The Design, Productization, and Evaluation of a Serverless Workflow-Management System

June 21, 2019 · 1 minute read

Abstract The need for accessible and cost-effective IT resources has led to the near-universal adoption of cloud computing. Within cloud computing, serverless computing has emerged as a model that further abstracts away operational complexity of heterogeneous cloud resources. Central to this form of computing is Function-as-a-Service (FaaS); a cloud model that enables users to express applications as functions, further decoupling the application logic from the hardware and other operational concerns. Although FaaS has seen rapid adoption for simple use cases, there are several issues that impede its use for more complex use cases. A key issue is the lack of systems that facilitate the reuse of existing functions to create more complex, composed functions. Current approaches for serverless function composition are either proprietary, resource inefficient, unreliable, or do not scale. To address this issue, we propose an approach orchestrate composed functions using reliably and efficiently with workflows.
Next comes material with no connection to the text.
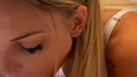 The beautiful blonde arrives dressed, but a few mins later she will take off everything so that he can get his penis hard and when he is ready she will suck him
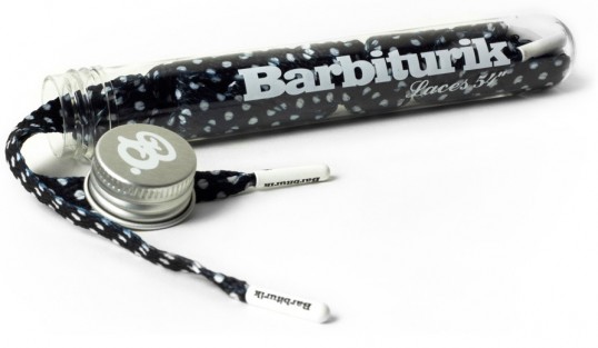 這猛一看完全看不出來是什麼玩意兒的試管們,不是醫院裡面看到的驗血器材,也不是夜店裡面喝兩管就醉的太空漫步,這是由Rémy Hernandez所創立的滑板品牌Barbiturik設計的鞋帶包裝,不同以往鞋帶乏味的設計,試管的包裝讓人忍不住直呼好可愛阿!(同時拿出錢包…)

As a prototype, we design and implement Fission Workflows: an open-source serverless workflow system which leverages the characteristics of serverless functions to improve the (re)usability, performance, and reliability of function compositions. We evaluate our prototype using both synthetic and real-world experiments, which show that the system is comparable with or better than state-of-the-art workflow systems, while costing significantly less. Based on the experimental evaluation and the industry interest in the Fission Workflows product, we believe that serverless workflow orchestration will enable the use of serverless applications for more complex use cases.